Иван громко вздохнул:
– Понимаешь, Геннадий, дело заключается совсем не в том, на каком топливе работают ракеты здесь и там; дело заключается в том, что ты дурак.
– А ты знаешь, где у нас с Анькой свадьба была? – Генка неожиданно перешел на шепот: – В лагере… Начальник свидетелем был… Вся зона поздравляла. Она – красавица, школу с золотой медалью закончила, у нее мать учительница, а я, а у меня… – У Генки задрожали вдруг губы, и он заплакал, сдавленно заревел, грязными кулаками размазывая по лицу слезы.
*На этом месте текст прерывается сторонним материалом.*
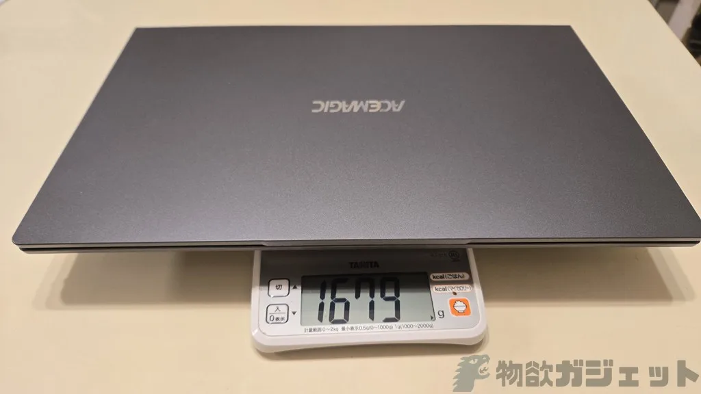 重さは1679g。15.6インチのラップアップPCとしてはちょい重いぐらい。でも1kg台の為、部屋の中で持ち運ぶ分には全く支障ない。

Иван смотрел на соперника без жалости и даже без сочувствия.
– Да, тебе повезло, тебе сказочно повезло, потому что такие, как Анна, – одна на миллион или, может быть, реже. Она здесь последняя, а ты… Дуракам везет, я знаю это выражение, везет, да, но… недолго…
Генка хлюпал носом и мусолил грязные щеки кулаками.
– Ты… ее… увезешь?
– Да, увезу, потому что здесь ей делать нечего.
– А если она… Если она не поедет?
– А если она не поедет, я останусь здесь, – твердо ответил Иван, поднял бутылку и неожиданно предложил: – Добавочки?
Генка кротко кивнул.
…Когда Красильников, а вместе с ним и майор-тамада заглянули в комнатку, то, к удивлению своему, не обнаружили там ни Ивана, ни Генки, но обнаружили распахнутое окно.
…Они стояли на взгорке у реки: враг напротив врага.
– Нож есть? – спросил Генка.
Иван непонимающе нахмурил лоб.
– Нож, спрашиваю, у тебя есть? – заорал Генка, теряя терпение от такой бестолковости. – Если есть – выкинь!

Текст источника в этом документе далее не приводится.